The nurse turned to meet his eye, giving him a small smile. "It's okay, I won't be spreading it around."

Ryan sighed, grateful. "Thank you," he told her.

"I'd be careful, though, with what you say," she added, moving around the room to straighten some things up, "because there are a lot of people that _would_ spread it around, given half a chance." She tilted her head towards the window, which a shade had been drawn very tightly against. "There's a lot of press out there and they've been telling our staff in pretty explicit terms how much money they'd be willing to shell out to anyone who's got the_ 'real story_.'" She grimaced. "And pictures. You know how people love pictures. We have to check our cell phones outside the door when we come in here, and we get searched for cameras daily." She shook her head, her eyes drifting back to her patient in the bed. "You have no idea what some people will pay to see someone else suffer. It's sick."

Ryan swallowed, realizing just how much his and Claire's presence was turning this hospital upside down. He wished Pam were there to hear it when he said, "I'm sorry for all that. You know I didn't ask for—"

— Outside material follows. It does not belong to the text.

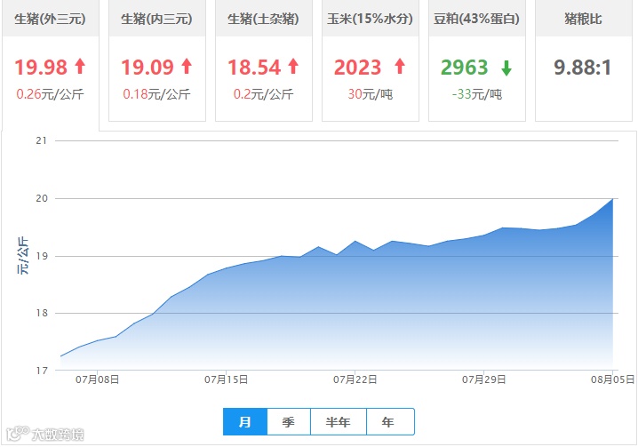 | 地区名称 | 外三元(元/公斤) | 内三元(元/公斤) | 土杂猪(元/公斤) | 玉米(元/吨) | 豆粕(元/吨) |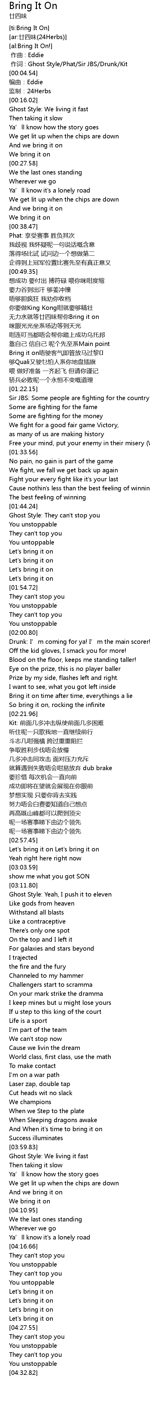 | [01:11.63] | Bring it on唔驶客气即管放马过黎 |

Maggie smiled easily, brushing off his apology. In his head, he imagined Pam, with her hands on her hips, waiting out the entirety of his apology until he awkwardly stuttered to a finish. "It's okay. It isn't your fault—the guards and the precautions, I mean. They're here to protect you guys, and after what you've been through, I don't see a problem with it. But sometimes it can be a bit aggravating. Especially for some of the older nurses," she added. She threw a knowing glance Ryan's way that made him wonder if she actually did know about Pam. "They don't like disruptions; they like the hospital to work the way the hospital has always worked, and I understand that. But I haven't been here too long—I can adapt."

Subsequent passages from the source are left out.